:: What to produce ::
Could you restate word for word each line from the top of the listing below through the line containing "13.11.2013 Die morgendliche"? Keep the pictures out.

:: Input data ::
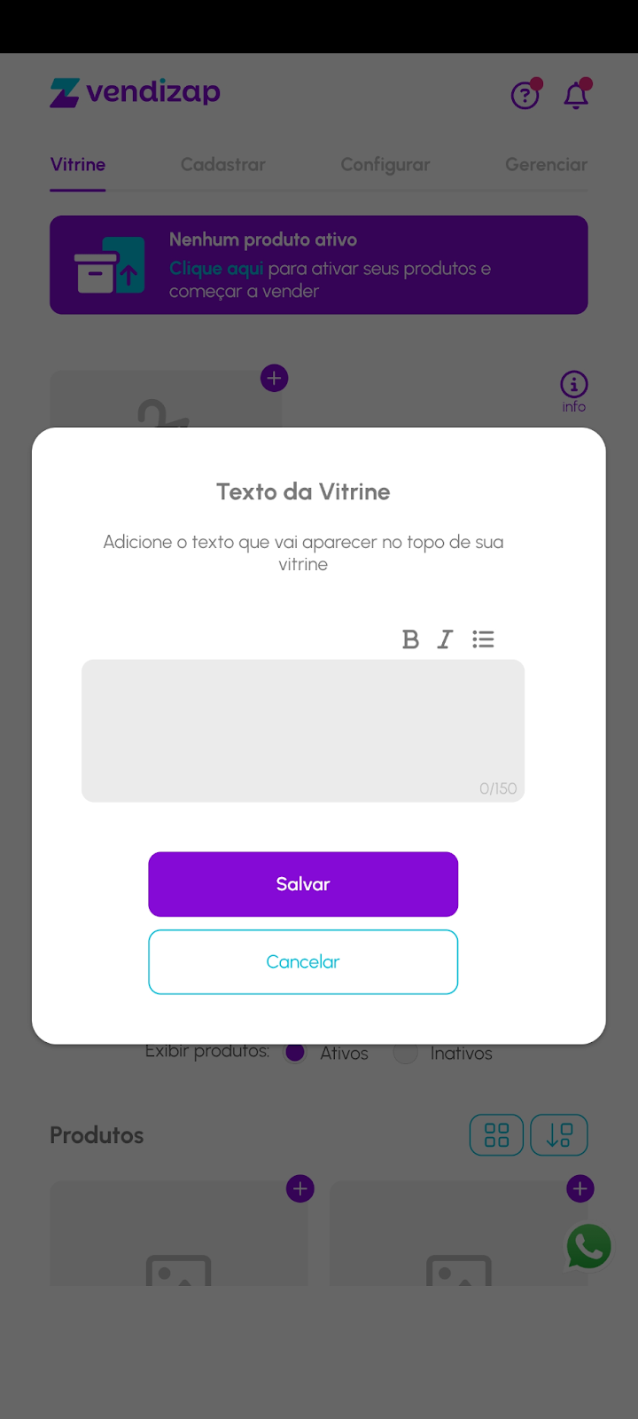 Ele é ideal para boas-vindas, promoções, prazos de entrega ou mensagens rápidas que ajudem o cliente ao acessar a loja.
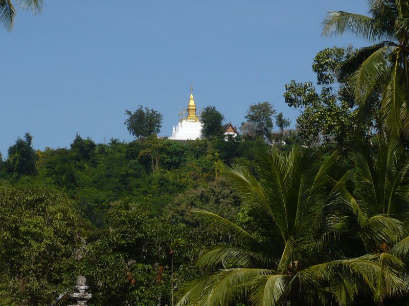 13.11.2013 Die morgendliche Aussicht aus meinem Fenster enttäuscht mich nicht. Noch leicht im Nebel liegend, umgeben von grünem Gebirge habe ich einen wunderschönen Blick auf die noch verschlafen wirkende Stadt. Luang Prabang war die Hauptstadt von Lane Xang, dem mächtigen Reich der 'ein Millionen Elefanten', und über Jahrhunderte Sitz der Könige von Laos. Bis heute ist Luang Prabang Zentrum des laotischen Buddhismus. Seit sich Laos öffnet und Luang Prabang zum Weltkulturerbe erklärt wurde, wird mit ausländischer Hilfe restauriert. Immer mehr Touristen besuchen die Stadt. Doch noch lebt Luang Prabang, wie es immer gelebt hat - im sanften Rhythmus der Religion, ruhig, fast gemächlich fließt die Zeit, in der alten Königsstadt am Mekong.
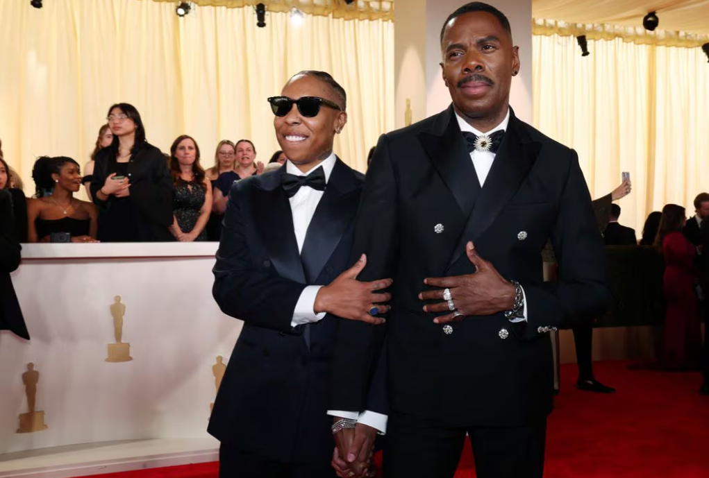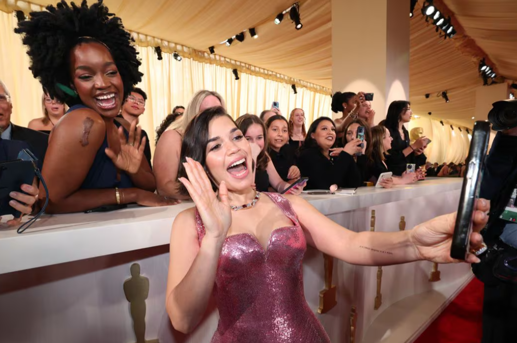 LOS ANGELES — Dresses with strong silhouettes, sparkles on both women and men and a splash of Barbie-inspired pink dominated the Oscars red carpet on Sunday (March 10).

:: Expected output ::
 Ele é ideal para boas-vindas, promoções, prazos de entrega ou mensagens rápidas que ajudem o cliente ao acessar a loja.
 13.11.2013 Die morgendliche Aussicht aus meinem Fenster enttäuscht mich nicht. Noch leicht im Nebel liegend, umgeben von grünem Gebirge habe ich einen wunderschönen Blick auf die noch verschlafen wirkende Stadt. Luang Prabang war die Hauptstadt von Lane Xang, dem mächtigen Reich der 'ein Millionen Elefanten', und über Jahrhunderte Sitz der Könige von Laos. Bis heute ist Luang Prabang Zentrum des laotischen Buddhismus. Seit sich Laos öffnet und Luang Prabang zum Weltkulturerbe erklärt wurde, wird mit ausländischer Hilfe restauriert. Immer mehr Touristen besuchen die Stadt. Doch noch lebt Luang Prabang, wie es immer gelebt hat - im sanften Rhythmus der Religion, ruhig, fast gemächlich fließt die Zeit, in der alten Königsstadt am Mekong.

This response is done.